Your Decisions are Wrong. Is Your Methodology?
I made a lot of mistakes while running GoCrossCampus. Lots of people ask me questions that more or less amount to "If you could have done X differently, what would you have done?" I always answer these questions sincerely. "Oh, I would've done A rather than B and C rather than D" or something like that. But in the back of my mind I know that counterfactuals make for odd teachers. That is, the information I have about the specific problem has obviously changed -- and the more interesting lessons come from shifts in my decision-making methodology.
These "If you could have done X differently" questions are essentially asking "If you knew back then what you know now, how would the decision you made have changed?" Interesting, yes. But the information that led to the decision -- for instance, my beliefs on the marketability of a product or the right way to scale an app -- isn't that useful. Rather, the juicy bits are the framework through which I took the information and produced an actionable plan. Consider the following question:
If you could do it again, how would you structure your financing round?
I would've clearly taken a priced round rather than a convertible note given the difficulty we had in closing the round.
Given the information I had at the time, I would not have done anything differently. That is, even though my information was wrong, my decision-making methodology was sound.
In other cases, my methodology may have been wrong yet my decisions right -- something we in the business call "getting lucky". But those two replies are answering the question on different levels.

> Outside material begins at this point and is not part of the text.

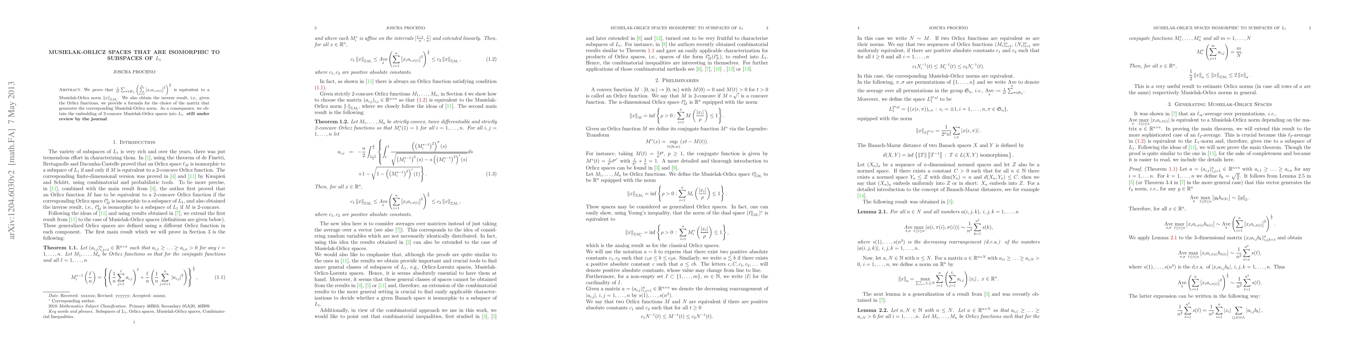 In this note we prove that $\frac{1}{n!} \sum_{\pi} (\sum_{i=1}^n |x_i a_{i,\pi(i)} |^2)^{1/2}$ is equivalent to a Musielak-Orlicz norm $\norm{x}_{\sum M_i}$. We also obtain the inverse result, i.e., given the Orlicz functions, we provide a formula for the choice of the matrix that generates the corresponding Musielak-Orlicz norm. As a consequence, we obtain the embedding of 2-concave Musielak-Orlicz spaces into L_1.

One is concerning facts -- the who, what, when, where and how of the situation at hand. The other is concerning methodology -- given the facts at hand, how did I come to a decision?
When evaluating past decisions, too many entrepreneurs focus on the facts rather than the methodology. Methodology is replicable. The mental algorithms I use to convert data into a decision are used over and over again. Data is all too often ephemeral and unrepeatable, and condemning a decision-making methodology that was plagued by bad data is often a quick way to take a step backward (or vice versa, endorsing a poor system that got lucky due to circumstance or poor data.)
Focusing on the methodologies rather than the facts will allow you to see patterns and make better decisions in related but non-identical situations. If I get hit by a car, it would be odd to simply say "Wow, next time I'll see the car." Rather, I'm going to make fundamental changes to the way I think about crossing the street -- specifically, how I gather information and translate that information into actions. Why should a startup be any different?